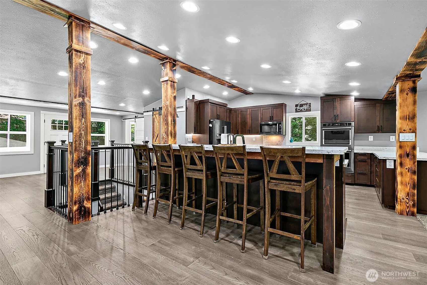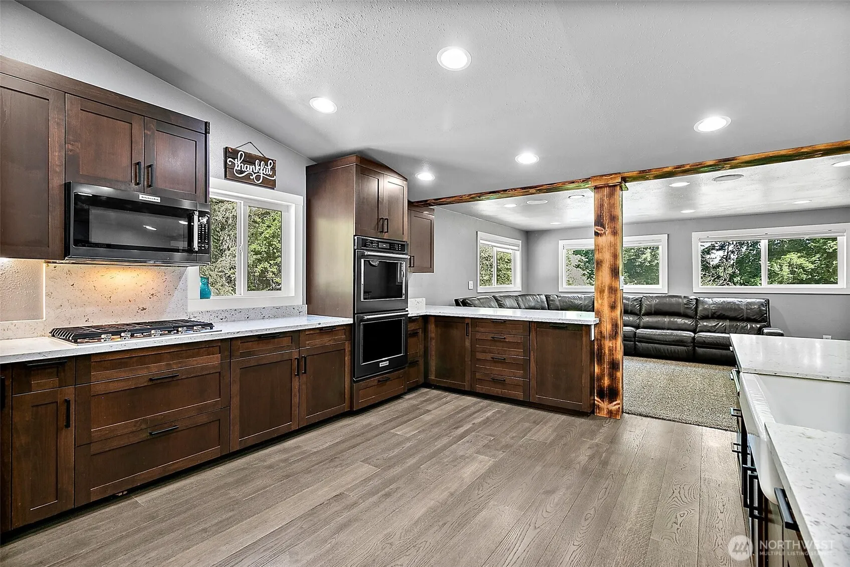 Welcome to your private woodland retreat! Nestled on an acre by Lake Francis, this beautifully remodeled home offers modern elegance and rustic charm. Inside, discover an open-concept layout with hardwood flooring, custom wood columns, and a gourmet kitchen featuring stainless appliances, quartz counters, and rich cabinetry. The spa-like primary bath boasts a soaking tub, dual vanity, and rainfall shower. Outdoor living shines with a large firepit area, expansive lawn, storage buildings, a fully-insulated office shed and wooded privacy. Solar panels and updated systems offer efficiency. A true Pacific Northwest gem—perfect for relaxation or entertaining.
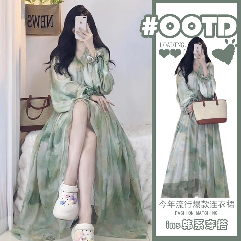 温柔风浅绿色碎花连衣裙女春秋季2023新款中长款灯笼袖别致大摆裙
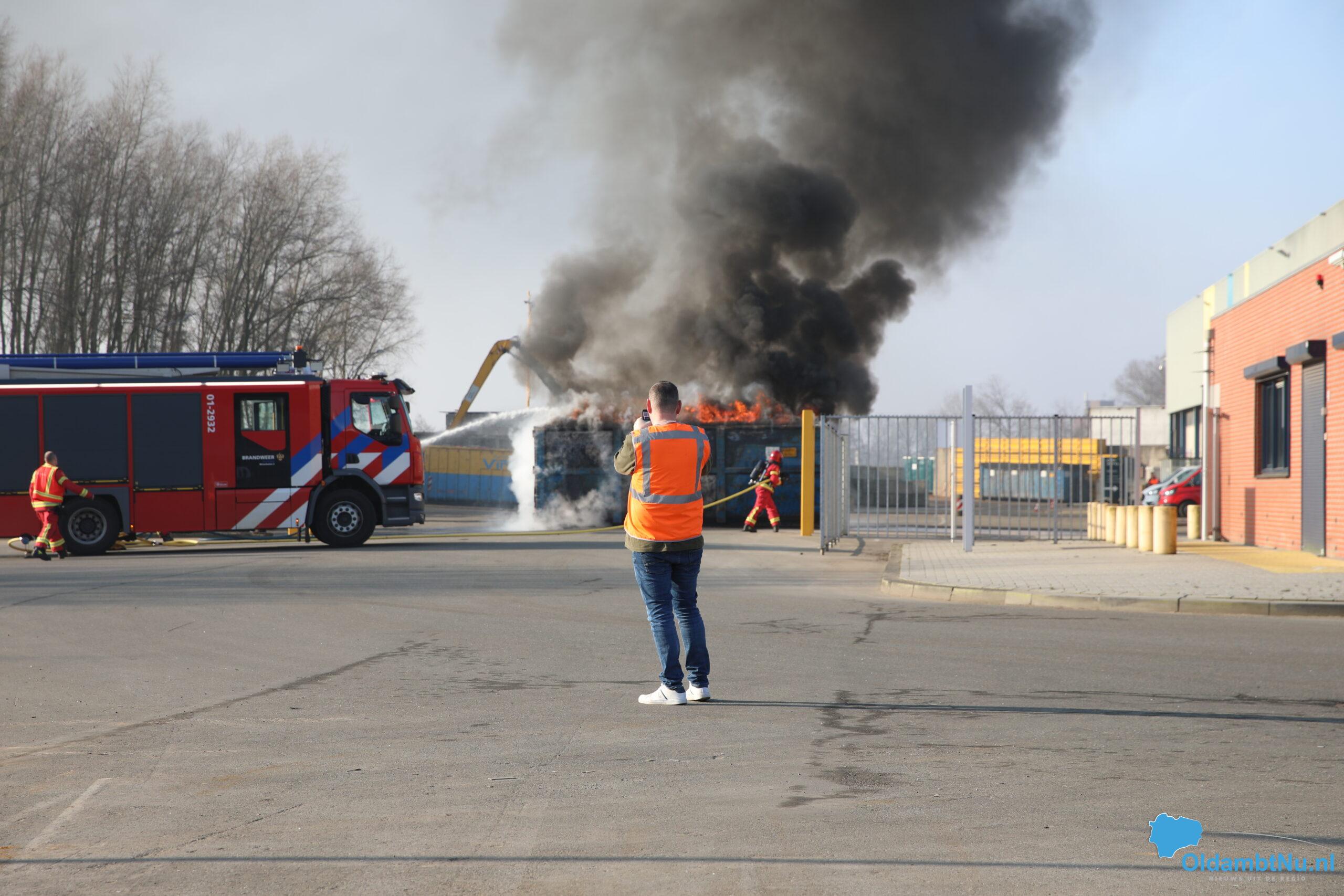 De container bleek gevuld met oud metaal en afval. Met behulp van een kraan werd de container geleegd, zodat de brandweer het vuur effectief kon bestrijden. De rook trok hoog de lucht in, waardoor de directe omgeving geen overlast ondervond.
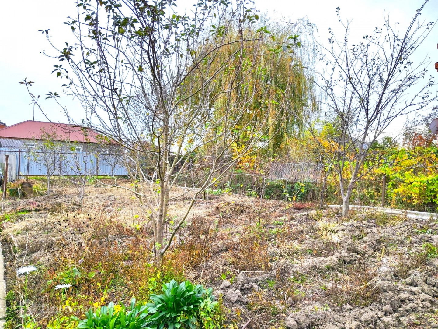 На участке парковочное место для автомобиля, высажены плодовые деревья,
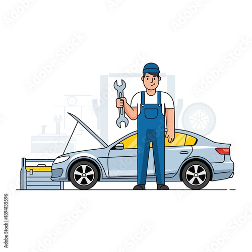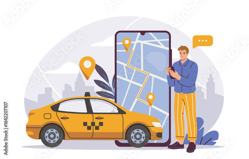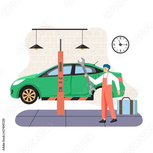 Car pawnshop services, flat vector illustration. Customer getting money in exchange for car key. Pawn shop loan.
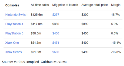 但事實上,在遊戲銷售市場,索尼旗下的PlayStation系列一直是領頭羊,全球總銷售近16億部;Switch在過去20年裏一直位居第二,全球總銷售約10億部,第三是微軟的Xbox,全球總銷售約7億部。但細分來看,PS4的利潤率僅爲5%,Xbox無論是One還是Series都是處於虧損狀態。
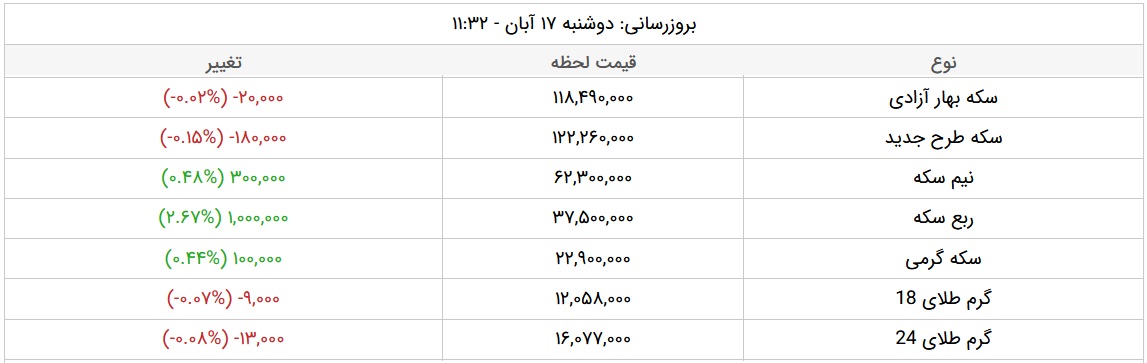 قیمت سکه و طلا، امروز ۱۷ آبان ۱۴۰۰
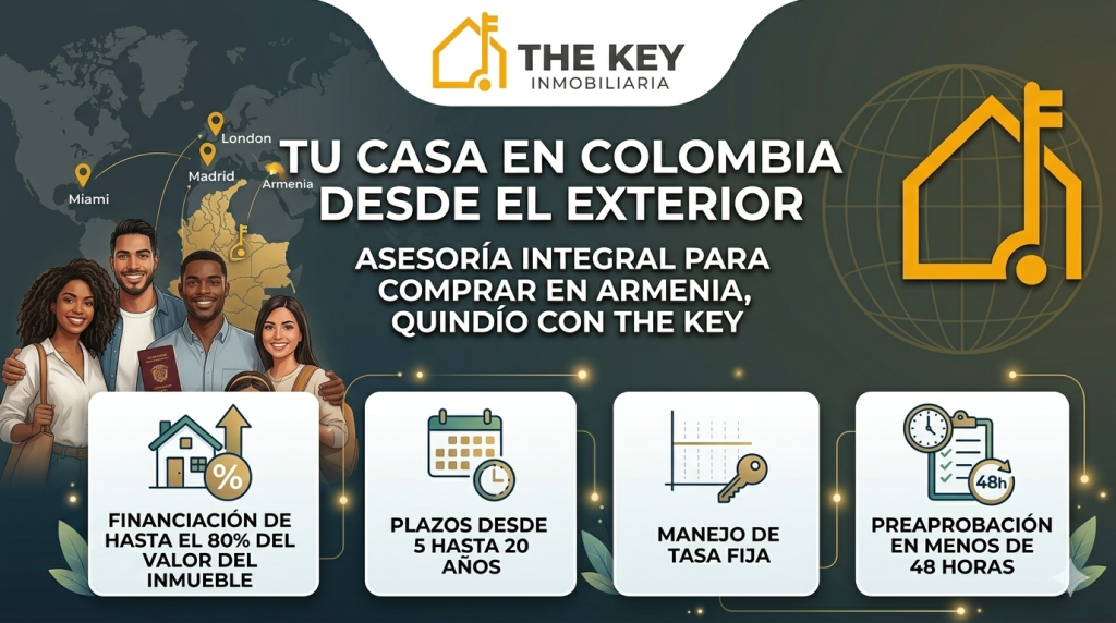 A través de nuestro aliado tramitamos todo el proceso para colombianos que viven en el exterior y quieren comprar su vivienda en Colombia, de manera 100% virtual, con atención personalizada, proceso directo con bancos colombianos y seguridad y confianza.
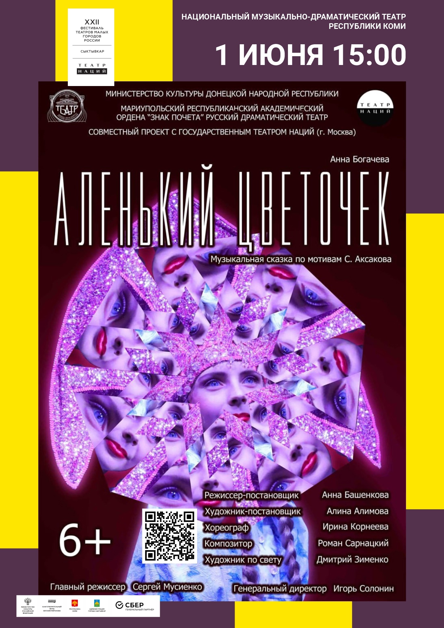 Национальный музыкально-драматический театр Республики Коми в 15:00 покажет сказку "Аленький цветочек" Мариупольского республиканского академического ордена "Знак Почета" русского драматического театра (6+).
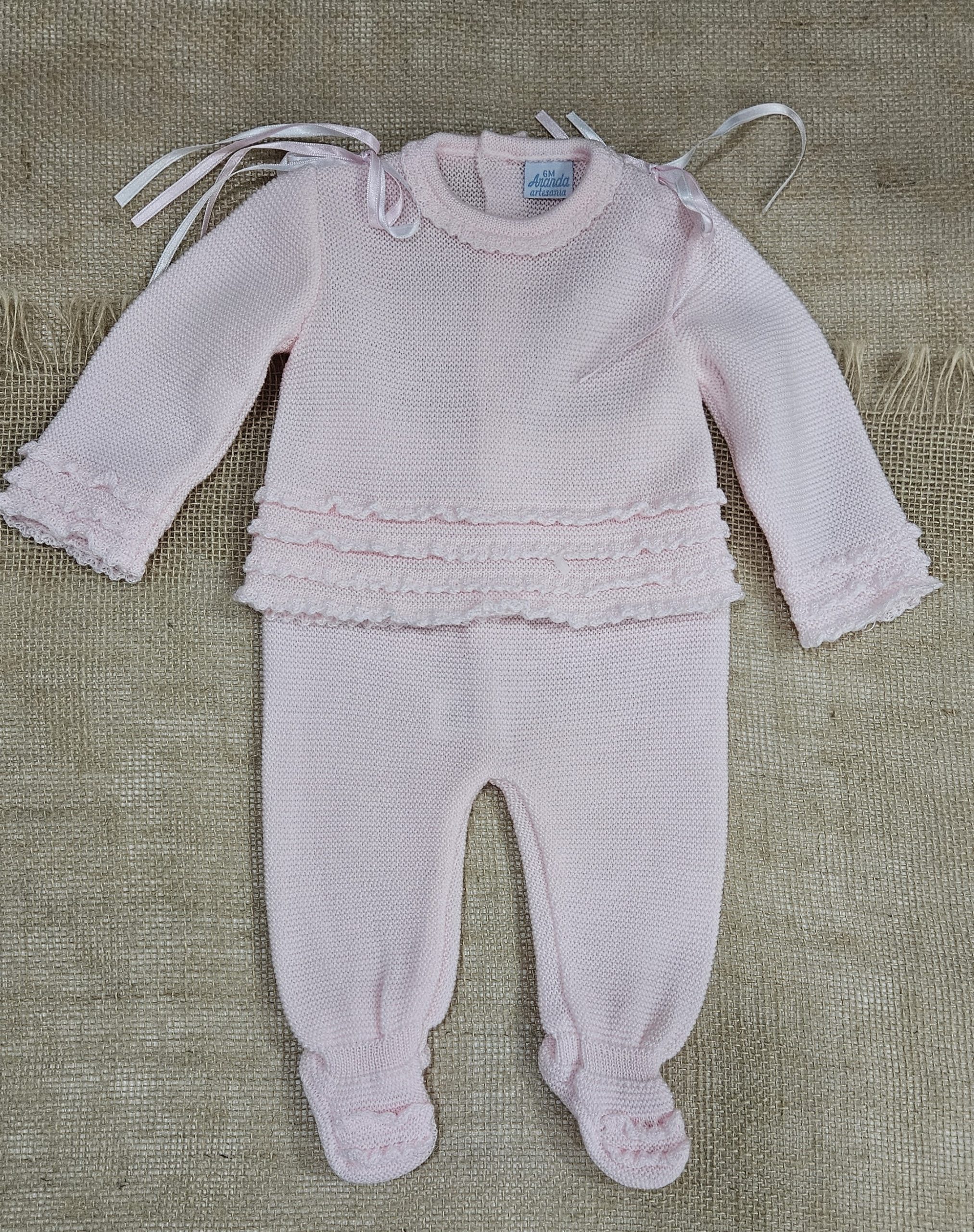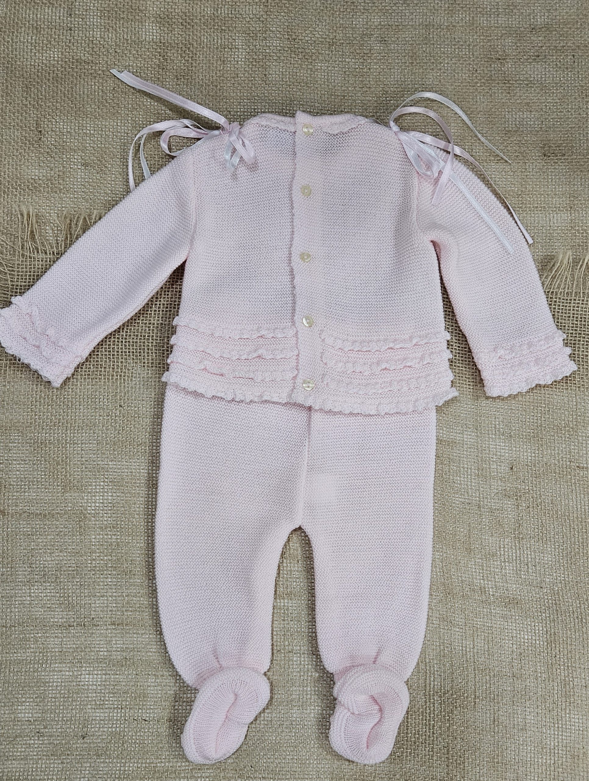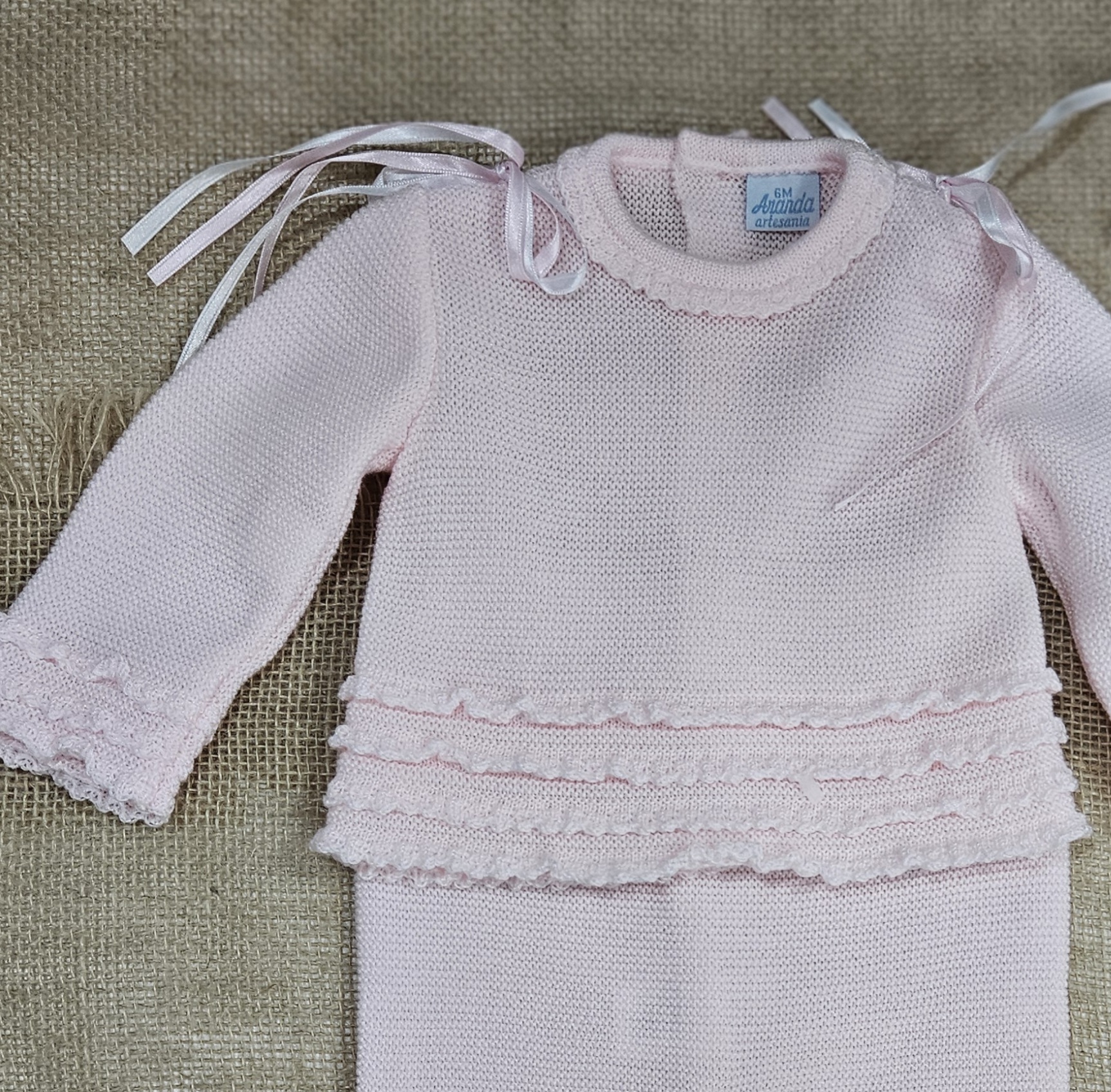 Conjunto de punto de primavera / verano compuesto por  jersey manga larga  + polaina a juego color rosa bebé.  100% acrílico
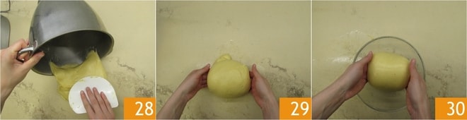 Transférez la pâte sur un plan de travail 28 et effectuez des plis slap and fold 29. Transférez dans un bol 30. Couvrez avec un film plastique et laissez reposer à température ambiante pendant 30 minutes, puis transférez au réfrigérateur pendant 8-10 heures à une température de 4 degrés.
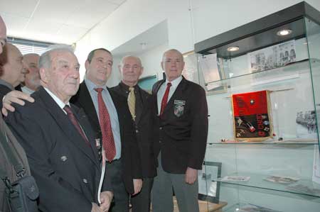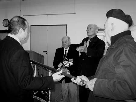 Remise du fanion de l'unité territoriale du 11è BUT le 24 janvier 2007 de gauche à droite Robert Saucourt - Marcel Ronda - Serge Jourdes - Albert Saupagna |
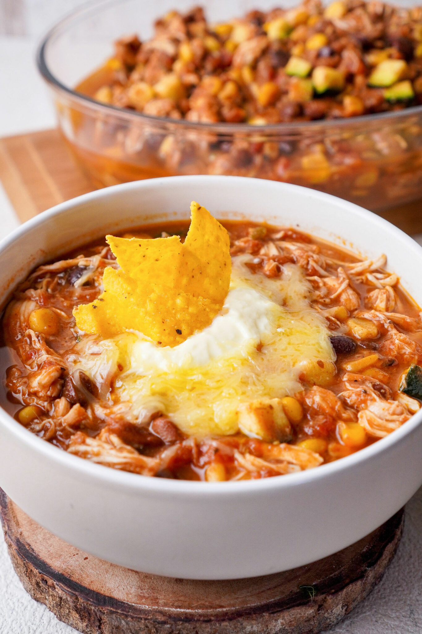 Serve with a dollop of sour cream, crunchy tortilla chips, and shredded cheddar cheese.
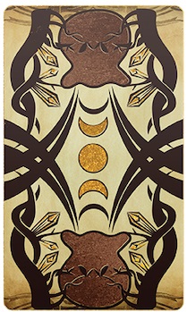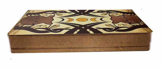 We have gilded the Tarot deck with bronze and our card backs will have two different foils - bronze and gold. The decks are coated with a protective UV spray matte finish that makes the cards easy to shuffle but not have a glare when light hits it, which can be very distracting during a reading. This also prevents the problem of the gilding and foil chipping which can be common in decks not coated with UV spray.
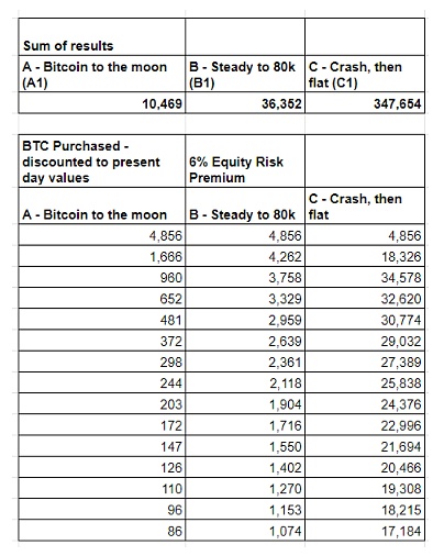 仅使用股权风险溢价贴现以获得未来比特币购买的现值(见下图);
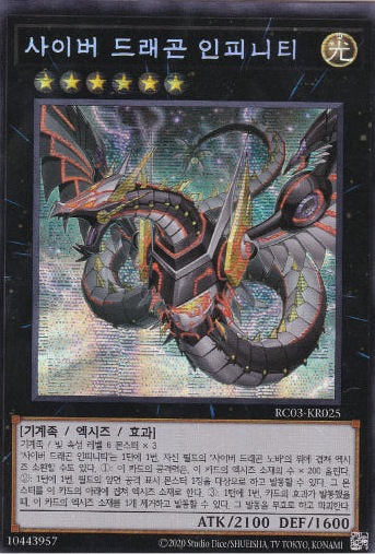 [RC03-KR025 A] Secret Rare "Cyber Dragon Infinity" ALT ART Korean Product Description: [RC03-KR025 A] Secret Rare "Cyber Dragon Infinity" ALT ART Korean Single Card + Sleeve + Top loader (Case) Mint Condition (Made in Korea) 100% Genuine Product of Konami (Korean Version) All singles cards are never used, fresh from the pack. (also available for combined shipping) Store Policy Items will be shipped from South Korea, 1 ~ 3 business days after order. All the items, we are selling, include manufacturers' warranty and do strict inspection & packaging before shipping. We use Korea Post / Rincos International Priority Airmail. All of our shipping provide tracking number. (Standard & Expedited) Standard: 10 ~ 20 business days (+ Tracking Number) Expedited: 5 ~ 10 business days (+ Tracking Number) We do accept all reasonable request and offer.
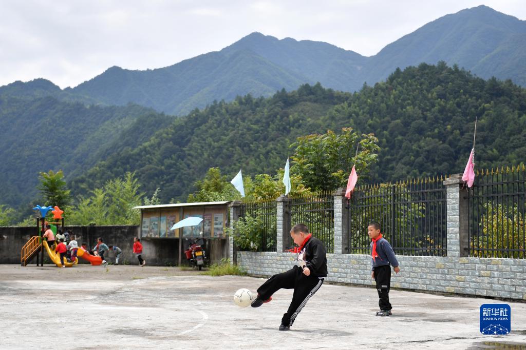 9月4日,報木小學的學生們課間在校園里玩耍。
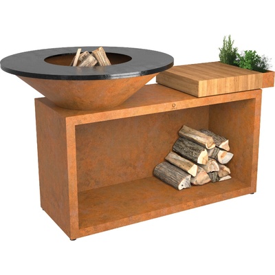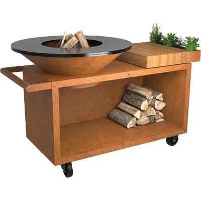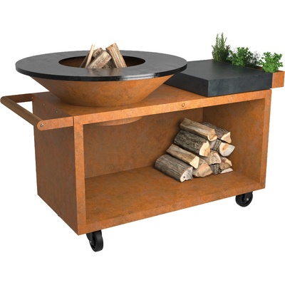 OFYR Island Corten 100 PRO je mobilní verze modelu OFYR Island 100 s hlubším podstavcem. Jeho součástí je masivní dřevěná pracovní deska pro přípravu jídla, praktická přihrádka na kuchyňské náčiní a prostor pro skladování dřeva pod pracovní deskou. Pracovní deska je z...
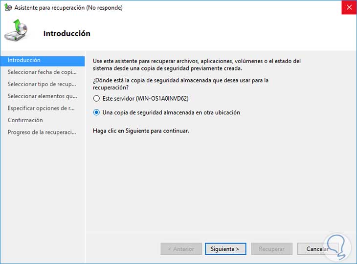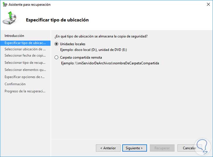 Vemos que es una ventana informativa acerca del proceso de recuperación. Pulsamos Siguiente y en la siguiente ventana debemos definir en donde tenemos la copia de seguridad, pueden ser unidades locales o remotas, en este caso son unidades locales.

......

What to produce:
Keep to the lines above from the line with "We have gilded" to the line with "OFYR Island Corten", and set down exactly those, inclusive, with nothing else and every picture left out.

Output below:
 We have gilded the Tarot deck with bronze and our card backs will have two different foils - bronze and gold. The decks are coated with a protective UV spray matte finish that makes the cards easy to shuffle but not have a glare when light hits it, which can be very distracting during a reading. This also prevents the problem of the gilding and foil chipping which can be common in decks not coated with UV spray.
 仅使用股权风险溢价贴现以获得未来比特币购买的现值(见下图);
 [RC03-KR025 A] Secret Rare "Cyber Dragon Infinity" ALT ART Korean Product Description: [RC03-KR025 A] Secret Rare "Cyber Dragon Infinity" ALT ART Korean Single Card + Sleeve + Top loader (Case) Mint Condition (Made in Korea) 100% Genuine Product of Konami (Korean Version) All singles cards are never used, fresh from the pack. (also available for combined shipping) Store Policy Items will be shipped from South Korea, 1 ~ 3 business days after order. All the items, we are selling, include manufacturers' warranty and do strict inspection & packaging before shipping. We use Korea Post / Rincos International Priority Airmail. All of our shipping provide tracking number. (Standard & Expedited) Standard: 10 ~ 20 business days (+ Tracking Number) Expedited: 5 ~ 10 business days (+ Tracking Number) We do accept all reasonable request and offer.
 9月4日,報木小學的學生們課間在校園里玩耍。
 OFYR Island Corten 100 PRO je mobilní verze modelu OFYR Island 100 s hlubším podstavcem. Jeho součástí je masivní dřevěná pracovní deska pro přípravu jídla, praktická přihrádka na kuchyňské náčiní a prostor pro skladování dřeva pod pracovní deskou. Pracovní deska je z...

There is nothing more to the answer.